Next, I ran a regression model. For those unfamiliar with academic statistical methods, regression – in this case linear regression – is a computerised mathematical technique that allows researchers to measure the influence of one variable on another with all of the other factors that might be relevant held constant. In this case, the variables for each state included in my model were: population, population density, median income, median age, diversity (measured as the percentage of minorities in a population), and the state’s Covid-19 response strategy (0 = lockdown, 1 = social distancing). The data set used to construct this model is available for anyone to request it.
The question the model set out to ask was whether lockdown states experience fewer Covid-19 cases and deaths than social-distancing states, adjusted for all of the above variables. The answer? No. The impact of state-response strategy on both my cases and deaths measures was utterly insignificant. The ‘p-value’ for the variable representing strategy was 0.94 when it was regressed against the deaths metric, which means there is a 94 per cent chance that any relationship between the different measures and Covid-19 deaths was the result of pure random chance.
The only variable to be statistically significant in terms of cases and deaths was population (p=0.006 and 0.021 respectively). Across the US states, each increase in the population of 100,000 correlated with 1,779 additional Covid-19 cases, even with multiple other factors adjusted for. Large, densely populated areas are more likely to struggle with Covid-19, no matter what response strategy they adopt – although erring on the side of caution might make sense for global megacities such as New York and Chicago.
Finally, I extended my analysis into the international arena. As has been widely reported, Sweden has opted not to lock down in the wake of Covid-19, and Swedes have instead followed similar social-distancing measures to those adopted in the seven US states I focused on.
Again, there is very little evidence that Sweden has become an unlivable Covid-19 hotbed. As of 17 April, Sweden’s Covid-19 statistics were: 13,216 total cases, 1,400 total deaths, 1,309 cases per million and 139 deaths per million. In terms of cases per million residents, Sweden ranks slightly ahead of its close neighbours, Denmark (1,221) and Norway (1,274). But in Europe as a whole, Sweden ranks 23rd in terms of cases per million and 10th in terms of deaths per million.
I am reluctant to compare European examples to the many East Asian countries which avoided significant shutdowns – particularly since these countries had significantly better early-response strategies and there can be larger cultural differences which are difficult to quantify. But essentially, the same pattern holds true.

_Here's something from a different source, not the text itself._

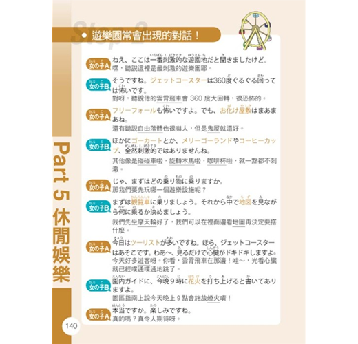 為了讓學習者更清楚在各個場景中日本人有可能會出現什麼樣的對話內容,在《從日本人的生活學單字》一書中的每個場景都會收錄一篇情境會話,利用學過的單字編寫而成,以生動活潑的角色扮演呈現,也以最真實的交談內容讓學習者更貼近日本人的生活,在背單字的同時,能更了解日本人的語言邏輯以及運用方式,輕輕鬆鬆就讓自己的會話能力大躍進!
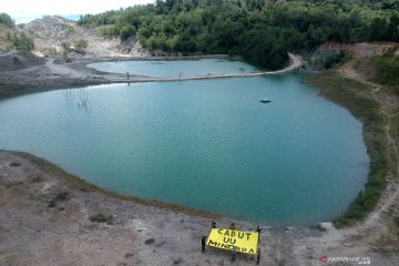 Sejumlah pengabdi bantuan hukum (PBH) LBH Padang, melakukan aksi guna menuntut pencabutan UU Minerba di kawasan lubang tambang batubara di Talawi, Sawahlunto, Sumatera Barat, Kamis (29/7/2021). Aksi tersebut digelar untuk mendukung Hak Uji Materil Undang-undang Mineral dan Batubara (UU-Minerba) ke Mahkamah Konstitusi yang dilakukan YLBHI, Jatam, LBH Bandung, LBH Padang, warga Banyuwangi dan warga Bangka Belitung, agar undang-undang tersebut dicabut karena dinilai sangat berdampak buruk terhadap lingkungan. ANTARA FOTO/Iggoy el Fitra/foc.

When I conducted my analysis, Japan had 9,231 total cases, 190 total deaths, 73 cases per million citizens, and two deaths per million. South Korea had 10,635 cases, 230 deaths, 207 cases per million and four deaths per million. Taiwan had a total of 395 cases and only six deaths, alongside 17 cases per million and 0.03 deaths per million.
Of course, no single analysis can provide a truly conclusive answer to questions as huge as those posed by Covid-19. Scholars and curious citizens reading this one might want to re-run my analysis with current active cases as a dependent variable rather than total cases or cases per million – although I doubt that would make much difference. It certainly might make sense to redo my regression with ‘date of first case’ thrown in as a variable. I kept the model limited to five independent variables due to the small number of state-level observations available, and left that one out because onset dates were fairly similar for most US states. However, including this information could theoretically produce different results. The more data, the better.
Overall, however, the fact that good-sized regions from Utah to Sweden to much of East Asia have avoided harsh lockdowns without being overrun by Covid-19 is notable.
The original response to Covid-19 was driven by an understandable fear of an unknown disease. The epidemiologist Neil Ferguson projected that 2.2million people could die in the US alone, and few world leaders were willing to risk being the one who would allow such grim reaping to occur.
However, as time has passed, new data have emerged. A top-quality team from Stanford University has pointed out that the infection rate for Covid-19 must logically be far higher than the official tested rate, and the fatality rate for the virus could thus be much closer to 0.1 per cent than the 2 to 4 per cent that was initially expected. And empirical analyses of national and regional response strategies, including this one, do not necessarily find that costly lockdowns work better against the virus than social distancing.
It should not be taboo to discuss these facts.